▶ [Directions]: Retype each entry exactly. Skip any pictures.
+++ Data for processing +++
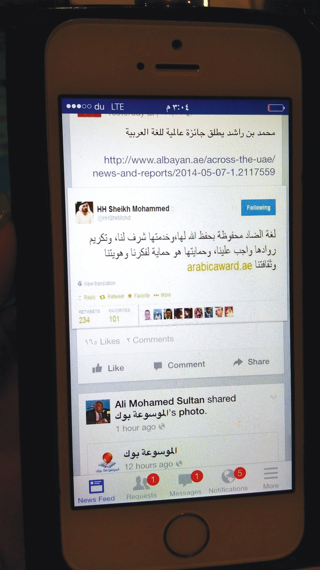 تفاعلت مواقع التواصل الاجتماعي مع «جائزة محمد بن راشد للغة العربية» العالمية التي أطلقها صاحب السمو الشيخ محمد بن راشد آل مكتوم، نائب رئيس الدولة، رئيس مجلس الوزراء، حاكم دبي، رعاه الله، لتعزيز مكانة لغة الضاد عالمياً، إذ أكد مغردو «تويتر» أن الجائزة تستعيد مكانة اللغة العربية على الساحة، وبخاصة أن اللغة الإنجليزية احتلت مكانها في حياتنا اليومية، سواء بالحديث أو الكتابة، ودخلت لهجة غريبة على ساحتنا، تتناقلها فئة الشباب، وتعرف باسم «الإنجليزي المعرب».
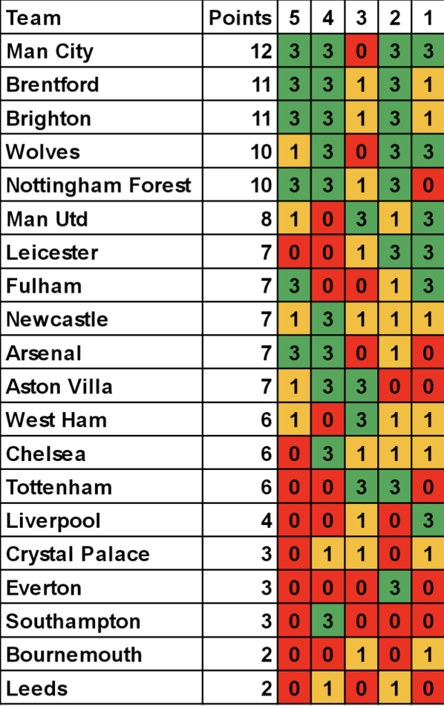 Form table based on the last 5 Premier League games up to 4th May 2023.
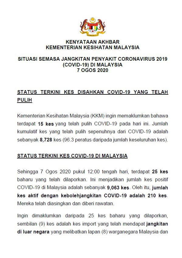 Kenyataan Media KP KKM 07/08/2020 0500 PM Asrul Siaran Media 07 Ogos 2020 Jumlah paparan: 552 Rating: ( 0 Rating ) Sila beri kadar Undi 1 Undi 2 Undi 3 Undi 4 Undi 5 Facebook Twitter Seterusnya Seterusnya
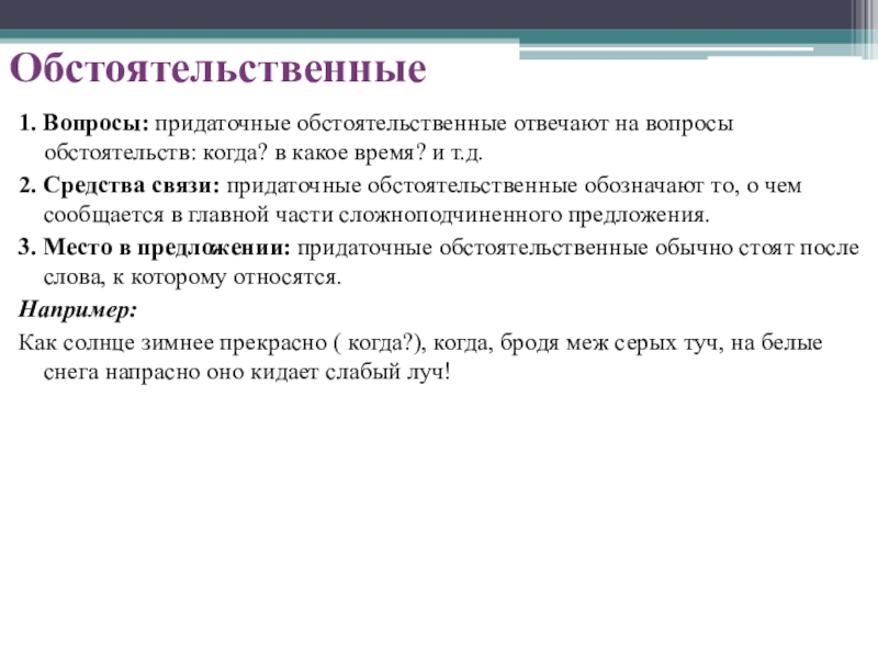 1. Вопросы: придаточные обстоятельственные отвечают на вопросы обстоятельств: когда? в какое время? и
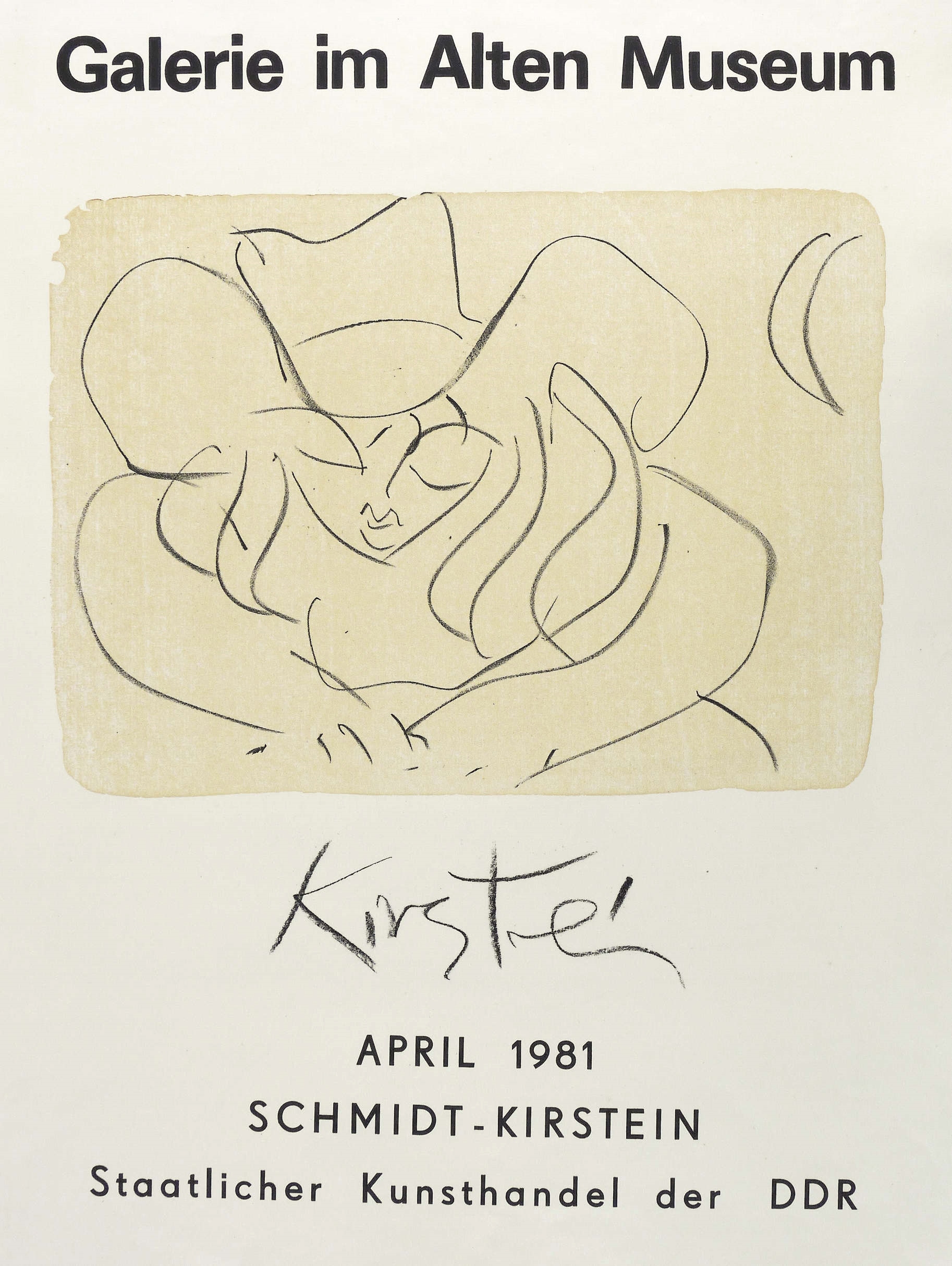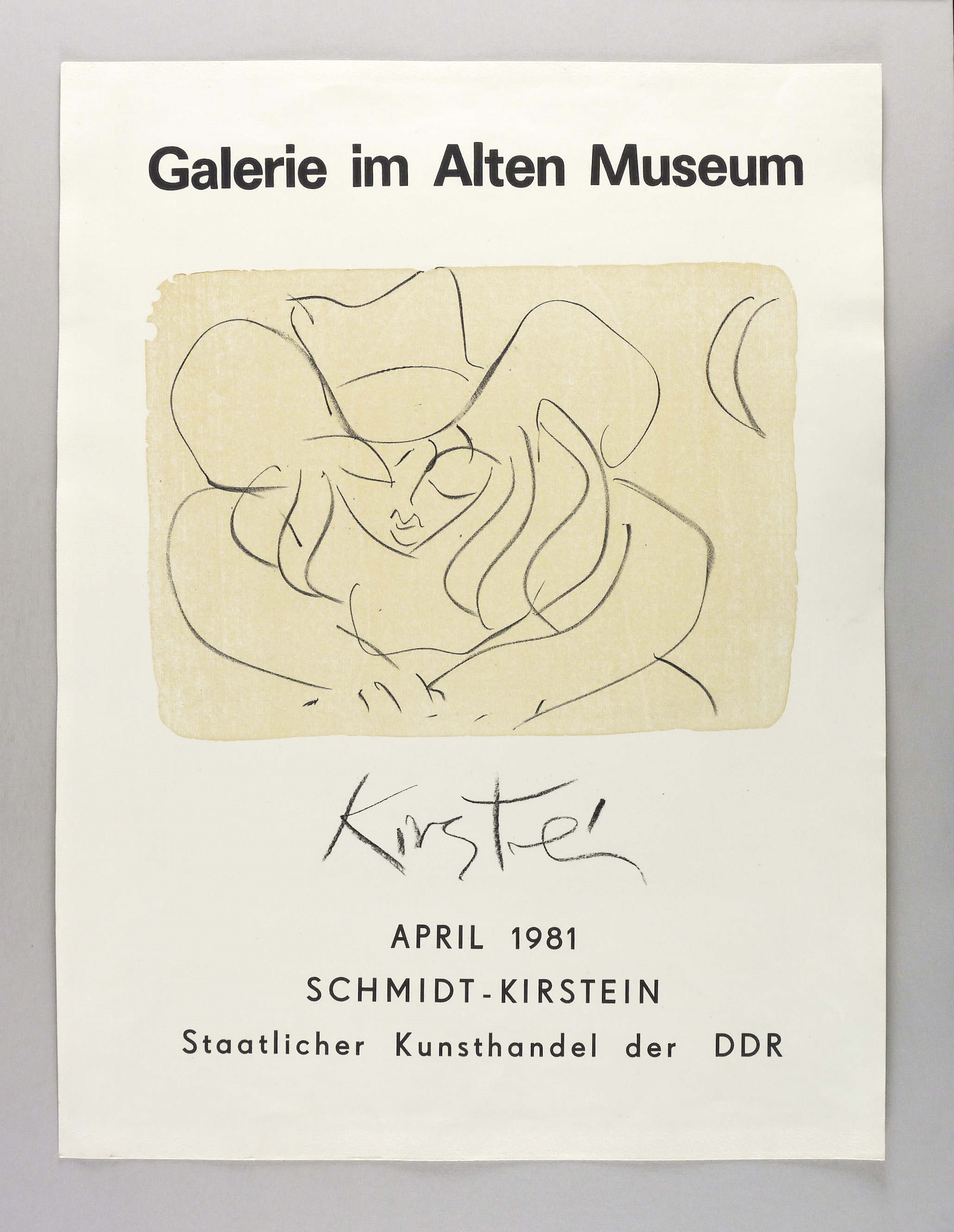 Nicht handsigniert. Im Stein unter der Tonplatte signiert: ″Kirstein″. Typografisch bezeichnet. – Originalgrafisches Plakat zur Ausstellung ″Schmidt-Kirstein″ im April 1981 in der Galerie im Alten Museum Berlin (Staatlicher Kunsthandel der DDR). – Unscheinbare Lagerspuren, im Rand bisweilen leicht griffspurig. Insgesamt guter Zustand.
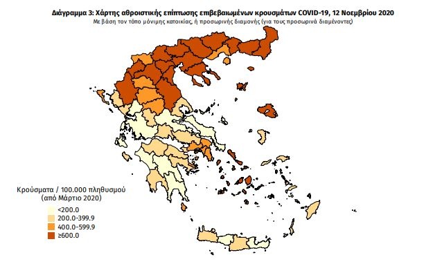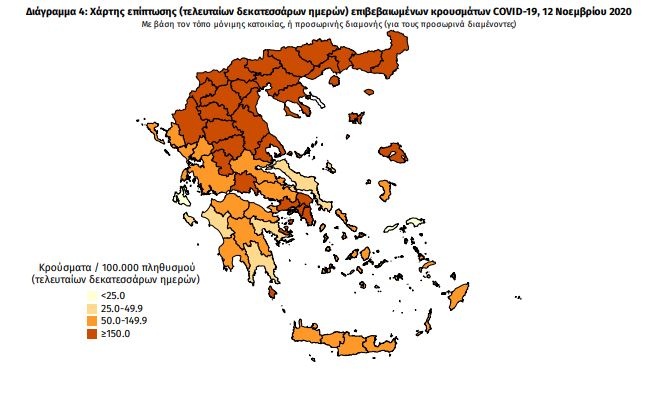 Ο χάρτης αποτυπώνει τη γεωγραφική κατανομή των συνολικών κρουσμάτων COVID-19 (από την αρχή της επιδημίας) ανά Περιφερειακή Ενότητα της χώρας, με βάση την δηλωθείσα διεύθυνση μόνιμης κατοικίας του ασθενούς, ή τη διεύθυνση προσωρινής διαμονής για τους τουρίστες και άλλους προσωρινά διαμένοντες στην Ελλάδα.
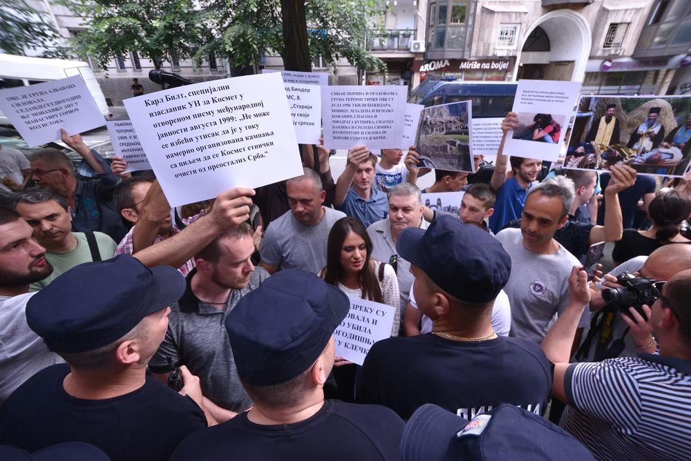 Razlog za njihovo okupljanje bilo je protivljenje manifestaciji koja se održavala u prostorijama Centra u okviru festivala "Mirdita, dobar dan". Naime, u Birčaninovoj ulici danas se održala promocija knjige čiji je autor bivša predsednica takozvane države Kosovo Atifete Jahjaga.
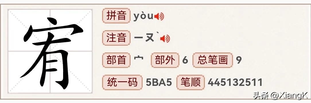 读音为“yòu”,同音字“佑”,部首为“宀”,总笔画9,上下结构。
+++
▶ [Your solution]:
 تفاعلت مواقع التواصل الاجتماعي مع «جائزة محمد بن راشد للغة العربية» العالمية التي أطلقها صاحب السمو الشيخ محمد بن راشد آل مكتوم، نائب رئيس الدولة، رئيس مجلس الوزراء، حاكم دبي، رعاه الله، لتعزيز مكانة لغة الضاد عالمياً، إذ أكد مغردو «تويتر» أن الجائزة تستعيد مكانة اللغة العربية على الساحة، وبخاصة أن اللغة الإنجليزية احتلت مكانها في حياتنا اليومية، سواء بالحديث أو الكتابة، ودخلت لهجة غريبة على ساحتنا، تتناقلها فئة الشباب، وتعرف باسم «الإنجليزي المعرب».
 Form table based on the last 5 Premier League games up to 4th May 2023.
 Kenyataan Media KP KKM 07/08/2020 0500 PM Asrul Siaran Media 07 Ogos 2020 Jumlah paparan: 552 Rating: ( 0 Rating ) Sila beri kadar Undi 1 Undi 2 Undi 3 Undi 4 Undi 5 Facebook Twitter Seterusnya Seterusnya
 1. Вопросы: придаточные обстоятельственные отвечают на вопросы обстоятельств: когда? в какое время? и
 Nicht handsigniert. Im Stein unter der Tonplatte signiert: ″Kirstein″. Typografisch bezeichnet. – Originalgrafisches Plakat zur Ausstellung ″Schmidt-Kirstein″ im April 1981 in der Galerie im Alten Museum Berlin (Staatlicher Kunsthandel der DDR). – Unscheinbare Lagerspuren, im Rand bisweilen leicht griffspurig. Insgesamt guter Zustand.
 Ο χάρτης αποτυπώνει τη γεωγραφική κατανομή των συνολικών κρουσμάτων COVID-19 (από την αρχή της επιδημίας) ανά Περιφερειακή Ενότητα της χώρας, με βάση την δηλωθείσα διεύθυνση μόνιμης κατοικίας του ασθενούς, ή τη διεύθυνση προσωρινής διαμονής για τους τουρίστες και άλλους προσωρινά διαμένοντες στην Ελλάδα.
 Razlog za njihovo okupljanje bilo je protivljenje manifestaciji koja se održavala u prostorijama Centra u okviru festivala "Mirdita, dobar dan". Naime, u Birčaninovoj ulici danas se održala promocija knjige čiji je autor bivša predsednica takozvane države Kosovo Atifete Jahjaga.
 读音为“yòu”,同音字“佑”,部首为“宀”,总笔画9,上下结构。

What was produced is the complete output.